Coronavirus, démographie, démocratie.

Les Ecologistes - Mouvement Ecologiste Indépendant

Coronavirus, démographie, démocratie.

7 avril 2020 Démocratie Démographie Santé 0

La question démographique et, dans une moindre mesure, la démocratie sont les grandes absentes des réflexions sur la crise du coronavirus. Pourtant, deux éléments au moins relient ces trois sujets.

– L’épidémie est, de façon certaine, favorisée par la promiscuité, et la promiscuité est largement fonction de la densité de peuplement, elle-même liée à l’importance de nos effectifs. Dans un habitat dispersé, l’épidémie rencontrerait des difficultés à se propager, mais elle s’est répandue comme une trainée de poudre dans les grandes agglomérations ou dans les régions très peuplées comme la métropole de Wuhan ou la Lombardie. D’ailleurs, la première des mesures que prennent tous les gouvernements est d’éviter les rassemblements, or, dans une grande agglomération, on est rassemblés par nature. Toute la politique actuelle valide cette corrélation entre densité et épidémies, sinon, aucune des mesures prises n’aurait de sens.

– La lutte contre l’épidémie dans une société urbaine et densément peuplée passe par des mesures très autoritaires, restreignant fortement les libertés. Ces mesures sont parfois efficaces, on le voit par exemple en Chine où l’épidémie semble sur la voie descendante, mais aussi à Hong Kong ou à Taiwan qui, malgré leur forte densité, ont peu ou prou réussi, jusqu’à présent, à contenir le phénomène… au prix de la fin des libertés : contrôle par caméra, confinement, suivi des personnes, peines très sévères…un monde digne de la science-fiction.

En ce sens, la démocratie risque d’être la principale victime de l’explosion démographique. Nous rejoignons-là une conclusion proche de celle que tire Jean-Marc Jancovici des crises à venir de l’énergie. Plus généralement, face à nombre de difficultés, les États sont tentés de réagir ainsi, et, plus l’habitude se prend de restreindre les libertés face à un problème, plus cette possibilité s’ancrera et plus la démocratie sera mise à mal dans l’acceptation plus ou moins passive des populations.

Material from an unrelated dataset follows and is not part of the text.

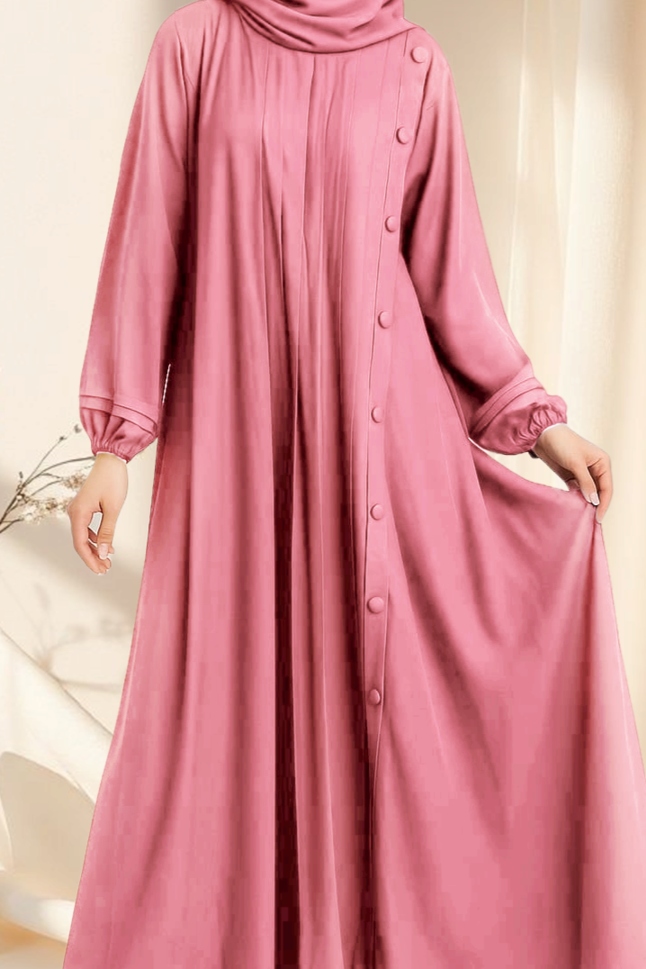 Bring effortless elegance to your modest wardrobe with this Beautiful Pleated Abaya featuring button detailing. Designed with a graceful fall and structured pleats, it offers both comfort and sophistication for daily wear or special occasions. The side-button design adds a subtle touch of style while maintaining a modest silhouette.

Au facteur démographique, on peut ajouter la mondialisation qui favorise les échanges de personnes et de biens. Cependant, la démographie peut, là aussi, être considérée comme partiellement à l’origine du problème. Il n’existe en effet guère de moyen de nourrir et approvisionner en biens divers l’ensemble de la population, presque 8 milliards aujourd’hui, sans doute près de 10 à la moitié du siècle, sans recourir à la spécialisation internationale et donc à la mondialisation de l’économie avec tous les échanges de biens et de personnes que cela suppose.

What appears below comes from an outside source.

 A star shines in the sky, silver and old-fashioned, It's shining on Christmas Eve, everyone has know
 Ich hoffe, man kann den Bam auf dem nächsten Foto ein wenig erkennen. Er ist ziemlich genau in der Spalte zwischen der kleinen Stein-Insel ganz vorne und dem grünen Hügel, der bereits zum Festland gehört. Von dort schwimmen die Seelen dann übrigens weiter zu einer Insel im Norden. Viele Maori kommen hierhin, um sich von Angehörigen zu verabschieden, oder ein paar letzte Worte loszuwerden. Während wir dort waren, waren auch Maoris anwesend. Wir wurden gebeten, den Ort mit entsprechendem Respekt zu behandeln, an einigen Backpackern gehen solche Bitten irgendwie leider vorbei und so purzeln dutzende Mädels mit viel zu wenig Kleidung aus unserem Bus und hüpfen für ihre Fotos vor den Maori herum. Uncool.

De façon générale, une population trop importante au regard des capacités planétaires tend à resserrer l’ensemble des contraintes, à menacer la nature, les ressources, la qualité de vie, la démocratie.

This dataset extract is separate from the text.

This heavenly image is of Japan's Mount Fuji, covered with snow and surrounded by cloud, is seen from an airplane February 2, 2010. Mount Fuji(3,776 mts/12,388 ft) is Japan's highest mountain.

C’est pourquoi, au-delà de l’urgence présente, il sera bon, à la sortie de la crise de nous orienter vers une relocalisation des activités économiques mais aussi de porter sur la place publique la question de notre nombre et de réfléchir à la manière de favoriser la stabilisation puis une lente redescente de nos effectifs via l’encouragement à la baisse de la fécondité. Cela constituera la façon la plus durable de relâcher beaucoup de contraintes et de menaces. En tout état de cause, la solution visant à lutter contre l’occupation toujours grandissante des territoires par la densification des villes, qui n’est que le nom présentable de l’entassement des hommes, vient de montrer ses limites et ses dangers.